Mind blindness, data blindness and the power of concurrent collaboration

Feb. 4, 2019 / By Steve Cantwell

I have learned countless lessons about perception from my son who is on the autism spectrum. He has helped me better understand how we can inadvertently misinterpret or misuse healthcare information—interfering with the patient care we’re trying to enhance with new data. When he was much younger, between three and five years old, he struggled with what his neuropsychiatrist called “mind blindness.” In the simplest terms it is the mistaken sense that because you know something, everyone else knows it, too, or vice versa. Well, you might say we all struggle with a bit of this. True enough. But, for an autistic child, mind blindness is especially acute. My young son would wave goodbye with the back of his hand facing out, as if he were waving to himself or just flapping his hand in front of his face. This made perfect sense to him but confused everyone else. What is he doing? What’s wrong with him? He could see himself waving so everyone else must see it the same way he did. Right?

Well into his early teens, my son also shared Sir Winston Churchill’s habit of flashing an obscene two-finger salute, thinking he was giving the Victory or peace sign. But his palm faced backwards. So, he was giving the Victory sign to himself. Some suspect Churchill may have done this variation of “flipping the bird” on purpose, but my autistic son flashed the gesture in soccer team photos and school snapshots with a broad innocent grin—real innocence. “He’s just trying to do the ‘peace’ sign,” we would explain nervously to other parents. What he saw was the peace sign, so why shouldn’t everyone else see it, too?

Another example from my son’s earlier years: If his favorite stuffed bear toy was under the living room sofa, he would say, “I need my bear,” and expect that anyone on earth could fetch it for him and would know exactly where it was. He knew, so we should know. “Please, get me my bear!” he would plead, and when we asked where the bear was, he thought we were stubbornly refusing to help.

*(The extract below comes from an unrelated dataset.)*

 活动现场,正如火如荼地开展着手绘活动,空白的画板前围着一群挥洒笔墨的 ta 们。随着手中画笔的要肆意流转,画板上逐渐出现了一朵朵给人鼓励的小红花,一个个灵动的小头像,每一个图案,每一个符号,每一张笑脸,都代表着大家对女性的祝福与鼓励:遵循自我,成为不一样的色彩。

After all, if he knew exactly where the stuffed bear was, why didn’t we? Why did we need to ask? A misunderstanding as trivial as this often escalated to tears and all-out tantrums.

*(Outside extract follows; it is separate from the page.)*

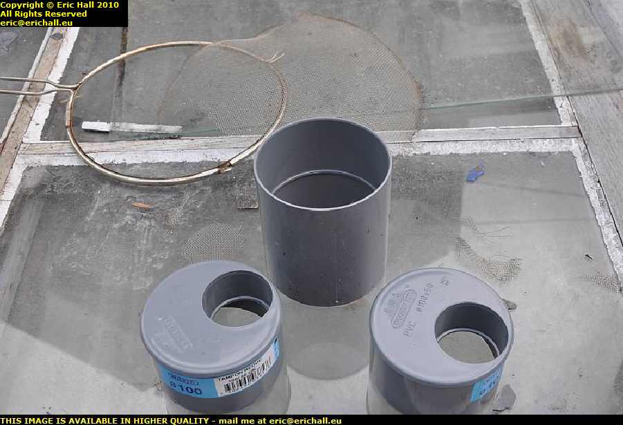 rainwater harvesting home made rainwater filter les guis virlet puy de dome franceAnd back home I started work on part one of the patent water filter system (and I would have done part two too but Terry forgot the puzzolane). Part one consists of a length of 40mm downspout, a reduction plate from 40mm to 100mm, a length of 100mm pipe, another reduction plate back to 40mm, a section from an old stainless steel mesh kitchen strainer and another length of 40mm pipe into the water butts. This first filter takes the place of the sump (the stones and the like sink to the bottom of the 100mm pipe) and the mesh filter inside the water butt.

Autistic children and adults, even those with perfect musical pitch, can be tone deaf to metaphors, euphemisms and sarcasm—anything indirect. They typically interpret everything—the data, you could say—literally. This leads to a context blindness that causes real trouble. In Autism Asperger’s Digest, Peter Vermeulen, PhD, clarifies the idea of context blindness by describing a scene from the movie, Rain Man, where Raymond stops in the middle of a busy city street when the crossing sign changes from “Walk” to “Don’t walk.” Vermeulen says, “In Raymond’s mind when the sign displays ‘Don’t walk,’ it means only one thing: ‘Don’t walk.’ Raymond does not understand that ‘Don’t walk’ means many different things, depending on the situation or context. When you’re halfway through the crossing, it means ‘hurry up’ instead!”

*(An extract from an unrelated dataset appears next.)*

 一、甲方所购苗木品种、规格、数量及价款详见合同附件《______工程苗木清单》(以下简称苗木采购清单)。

Sometimes technology, such as process-enhancing software and the flood of data it produces, can blind and confuse us instead of enlightening us. Big data is powerful for healthcare and can help clinicians identify risks and trends, enabling them to intervene for patients in new ways. However, the flood of healthcare data can also blind us, narrow our perspective, and even cause us to miss the broader context of a clinical encounter. For example, a hyper-focus on workflow process to improve coding productivity may not necessarily improve quality. (See L. Gordon Moore, MD, on how data entry demands can distract from patient care). Too much information—out of context—can become digital noise, and instead of becoming more informed, we can become data blind.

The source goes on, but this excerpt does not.